# pouter pigeons anf thief pouters



## king newbie (Oct 13, 2011)

Hi guys, 

My brother has passed away and he had some thief pouters that am going to take with me since he loved these pigeons I thought that it would be the thing to do. 
The problem is that I have no idea on how to train them now to fly at my house. He also has 2 young pigeons 3 months old that I believe he hadn't flown them yet and I also don't know what to do with them in regards to training.... Can somebody please help me.....


----------



## lmorales4 (Jul 8, 2010)

Look up palomeros cubanos on google and you will find many resources on that forum. If you need any more help after that you can pm me.


----------



## king newbie (Oct 13, 2011)

I have been on that site but couldn't find any help


----------



## AZCorbin (Feb 28, 2011)

Sorry to hear about your loss.
So you moved all these birds to your house right?
Did you take the lofts too or build new ones?
I am going to assume you took his lofts which is good and will make it all the faster to get these birds back up.
Keep them locked up for awhile, I would say about a month.
This will give them time to view their surroundings.
After that take them into your yard in baskets to see even more that they could not from in the loft.
Make sure they are on a tight feeding schedule. We feed once a day for our flyers and in the evening.


----------



## king newbie (Oct 13, 2011)

Thanks az.

Yes I have taken the boxes that he kept them in. It's like a 12 pack stack of cages. Everyone is seperate in there own box and he ha... Thanks for the had one that is completely close which his friend told me that it was the one that he used to thief with... Thanks for the advice....


----------



## AZCorbin (Feb 28, 2011)

Sounds like a bunch of breeding cages?
You should consider building them a loft.


----------



## logangrmnr (Jul 14, 2010)

Azcorbin those aren't breeding boxes. The posters are all kept in separate boxes so there dont fight with each other and keeps them in the mood so to speak. They are also called Casanova pigeons. King newbie there should be someone near you that flies them. they are easy to rehome and it should take you about 2 to 4 weeks with the aid of a settling cage. http://palomeroscubanos.com/foro/ this is the site I use but run it through Google translator. Would like to add more but time to eat.


----------



## AZCorbin (Feb 28, 2011)

Tell me a little more about this casanova boxes?
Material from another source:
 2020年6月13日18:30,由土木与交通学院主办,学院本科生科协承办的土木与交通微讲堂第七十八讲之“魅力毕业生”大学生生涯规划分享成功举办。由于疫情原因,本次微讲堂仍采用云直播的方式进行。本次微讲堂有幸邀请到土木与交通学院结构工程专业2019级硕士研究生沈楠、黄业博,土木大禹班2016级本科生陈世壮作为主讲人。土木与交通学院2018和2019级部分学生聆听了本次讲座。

Is this something mainly used for Pouters or what? They still in all year?


----------



## logangrmnr (Jul 14, 2010)

Yes they are in the box all year long. And the way I understand it is only for thief pouters. look up Ladron and trampa autimatica on youtube for a little more insight. In Miami there are 2 clubs that you can join to test your bird against others. http://palomeroscubanos.com/foro/viewtopic.php?f=5&t=26196 
http://palomeroscubanos.com/foro/viewtopic.php?f=34&t=14787


----------



## AZCorbin (Feb 28, 2011)

Thanks, I get the idea behind it now. I always thought they just trapped into a loft. This however makes since and is a lot more in depth than I would have thought. 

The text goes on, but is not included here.